Zmieniła się. Dostrzegłam to od razu. Rysy jej twarzy były o wiele ostrzejsze i bardziej królewskie. Nadal chciała przejąć tron, a patrząc na nią, można by powiedzieć, że jest urodzoną królową. Była też wyższa i starsza. Kiedy umierałam, stała nade mną i patrzyła. Wtedy też się uśmiechała. Nienawidziłam jej i nie miałam żadnych oporów przed rzuceniem się na nią z mieczem. Przy pierwszym ciosie zrobiła unik, z kolei drugi odparowała mieczem, który pojawił się znikąd. Okazało się, że całkowicie nie wyszłam z formy, ale ona również. Każdy swój ruch nawzajem przewidywałyśmy i byłyśmy w stanie go odparować lub uniknąć. Na dłuższą metę, walczyłybyśmy do momentu, która pierwsza z nas padłaby z wycieńczenia.

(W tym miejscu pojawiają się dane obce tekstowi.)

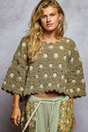 POL Contrast Crochet Cropped Knit Top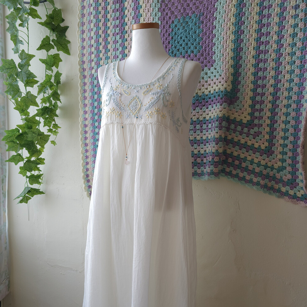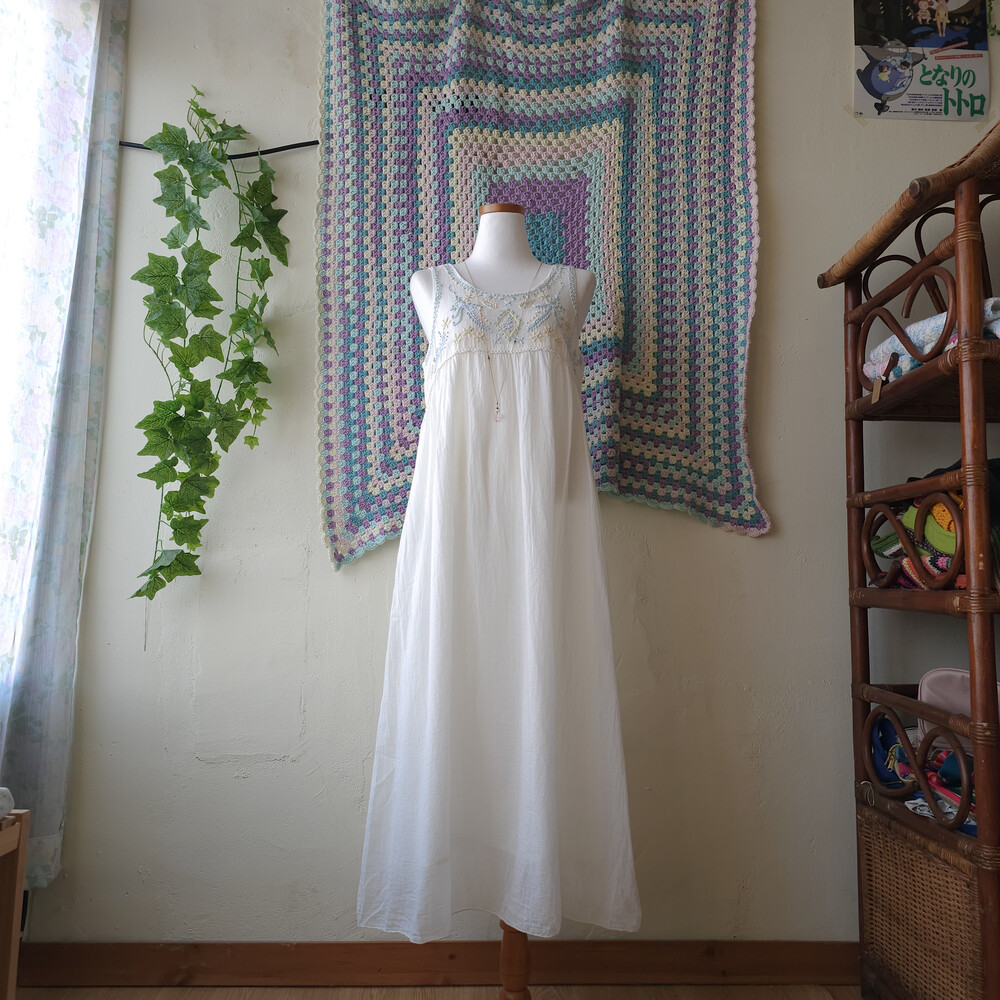파스텔 자수 포인트의 민소매 원피스예요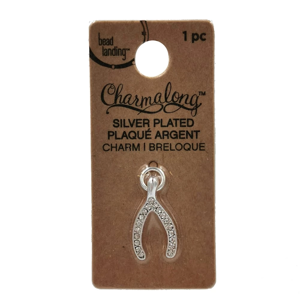 Add good luck to your favorite jewelry with this silver pavé wishbone charm by Bead Landing. String it onto a chain or bracelet to personalize your unique style.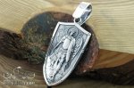 На фото изображён серебряный кулон с Архангелом Михаилом.

To jednak nie było celem jej wizyty.


Kiedy nasze ostrza się zablokowały - jedna z nas musiała ustąpić, ale żadna tego nie zrobiła. Kimberly spojrzała na mnie uważnie i ponownie się uśmiechnęła.


- Zabiłam ją - oświadczyła z dumą.


Dałam się jej rozkojarzyć. Od razu to wykorzystała i uwolniła miecz. Zadawał szybsze ciosy, a ja starałam się je blokować. Narastała we mnie złość, a zamiast przekierować ją na siłę, osłabiała mnie. Przegrywałam, ale dlaczego miałam się tym przejmować, skoro już nie miałam o co walczyć?


Popełniłam kolejny błąd. Kimberly złapała mnie za nadgarstek i obróciła mnie tak, że stała przyciśnięta do moich pleców, a miecz był przy moim gardle. Nadal trzymałam swój miecz, ale lewą ręką starałam się wyciągnąć sztylet. Był na tyle długi, że gdybym przebiła sobie nim serce, Kimberly również by oberwała. Byłam gotowa się poświęcić.


- Uspokój się, Adrianno - usłyszałam tuż przy uchu. To nie był głos Kimberly, tylko Kola. Tak naprawdę nigdy jej tu nie było.